Mavis Gunther collaborated extensively in pursuit of enhancing toddler feeding and understanding the issues confronted by moms and infants, whereas gathering the proof on which recommendation must be primarily based. She was no breast-feeding zealot, arguing that mom’s should be free to decide on breast or bottle relying on their particular person circumstances. She printed analysis on numerous subjects together with allergy symptoms to take advantage of, the attainable causes of ‘cot loss of life’, comparisons of breast and bottle feeding, colostrum and milk as a supply of antibodies, mastitis, sore nipples, human milk composition, using mineral components in milk method from completely different producers and breast pumps. In obstetrics she studied the switch of blood between child and placenta instantly after beginning. She pressured the significance of contemplating the mom and youngster as a unit, and to be supported as such. She argued that the behavioural initiation of breast feeding isn’t an instinctive course of and that the mom wants some extent of instruction both by remark throughout life and/or by the assistance of household, associates, docs and midwives. She primarily based a part of that argument on following up early observations on Chimpanzees in captivity by contacting London Zoo and studying of their experiences within the Nineteen Thirties and early Forties which steered that solely these introduced into captivity late succeeded in breast-feeding their younger.
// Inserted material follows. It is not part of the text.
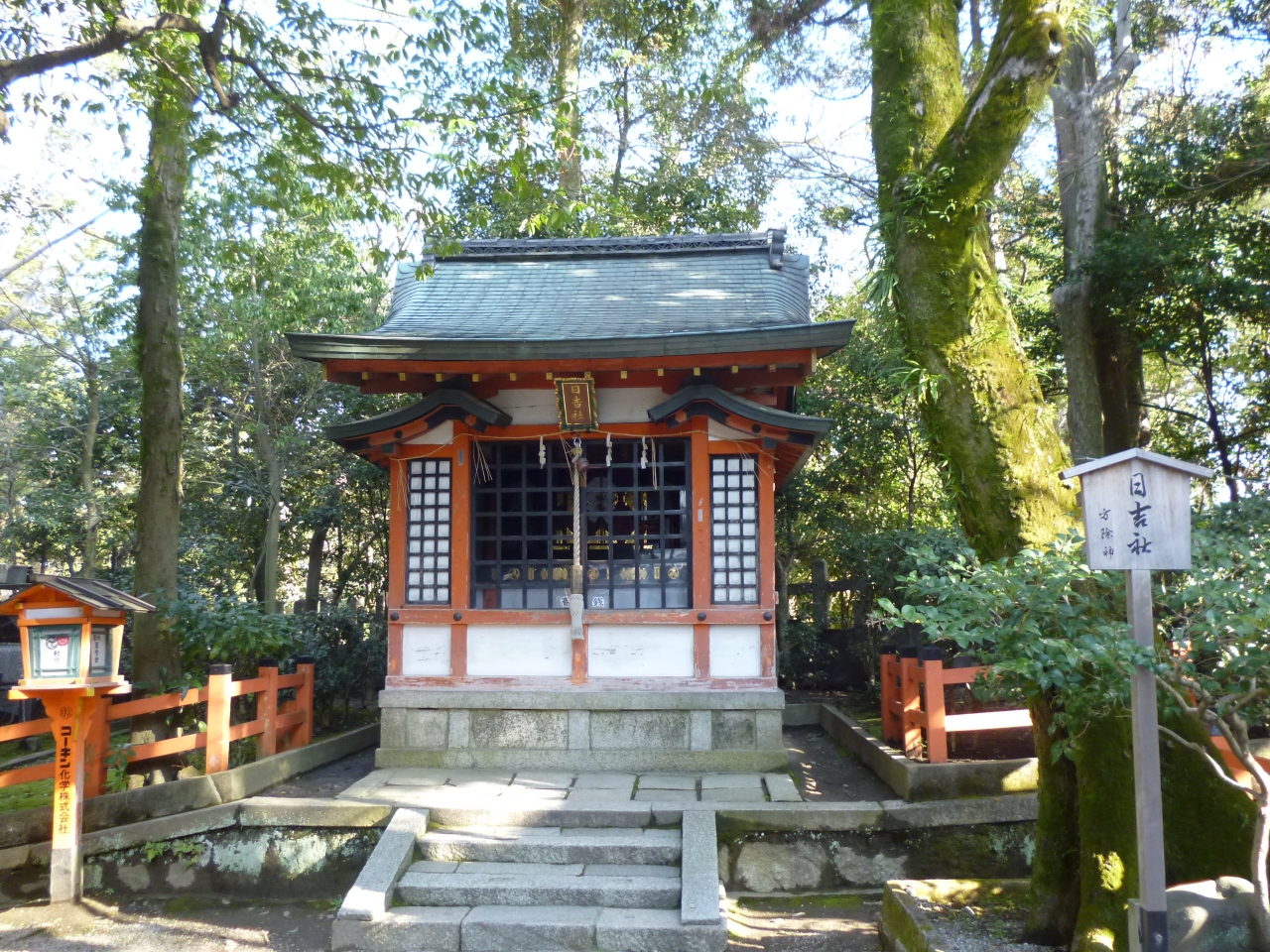 八坂神社にあります。大国主命の分魂をお祭りしています。京都の鬼門を守っている方位除けの神様として信仰を集めています。木々に囲まれて、静かにたたずむ、朱塗りの柱が美しいお社でした。ご本殿から左に進んで行くとあります。

On the 1976 symposium on the Zoo I discussed above, she described her contacts with Geoffrey Marr Vevers (1890-1970) who, with a human obstetrician, described the beginning and rearing of the child chimp ‘Jubilee’ (named for George V’s 25 years on the throne) in 1935. Vevers, was then Superintendent and like Mavis, medically certified. Listening was Geoffrey Vevers’s son, Gwynne (1916-1988) who amongst his quite a few tasks on the Zoo had total cost, splendidly delegated, of scientific conferences and publications.
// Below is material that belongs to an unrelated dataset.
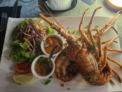 Quand nous partons en vacances, nous aimons découvrir les saveurs locales. En Guadeloupe nous n'avons pas été déçus. La cuisine est variée, métissée et riche en épices. Il y a les incontournables tels que les accras, le poulet colombo ou boucané, le boudin créole, les bokits (sandwich frit), les poisons grillés (tels que le marlin ou le vivaneau) ou en court bouillon, la langouste etc...le tout est accompagné de légumes locaux : igname, patate douce, manioc, banane plantin...

Mavis Gunther died on 30 June 1997. She was buried alongside he husband, at Heacham, a city in Norfolk, not that removed from the place Rolfe was killed, the place his mother and father had a home, and the place he was born.

Rolfe Gunther

Eustace Rolfe Gunther

So as to describe the tragic occasions which led to Eustace Rolfe Gunther’s loss of life, I’ve drawn on an account given by his daughter, Rosalind, for the Dictionary of Falklands Biography. In response to an article in a village journal recording her loss of life in 2021, aged 90, she did so as a result of the information are closed till 2040 and she or he believed there had been an official cowl up. Certainly, the studies of the inquest within the native press are perfunctory. I’ve additionally drawn on the obituary written by Alister (later Sir Alister) Hardy, who labored carefully with Rolfe, and my very own delvings into the happenings in a Norfolk village. That is what Rosalind wrote:

…As a member of the Territorial Military he was referred to as up on the outbreak of battle and commissioned 2nd Lt within the 72nd Anti-aircraft Regt RA. In Might 1940 he was stationed close to North Walsham in Norfolk. When approaching Barton Turf on foot to test that somebody was not signalling to the enemy at sea he referred to as at a cottage to learn his map and acquire instructions to the suspect home. The resident, a Particular Constable, directed him on foot, cycled to the home by one other route and borrowed a gun from the newly armed Residence Guard. Gunther reached the home. The Constable returned with some additional Residence Guard members and after asking Gunther at hand over his gun, by accident shot him within the higher leg.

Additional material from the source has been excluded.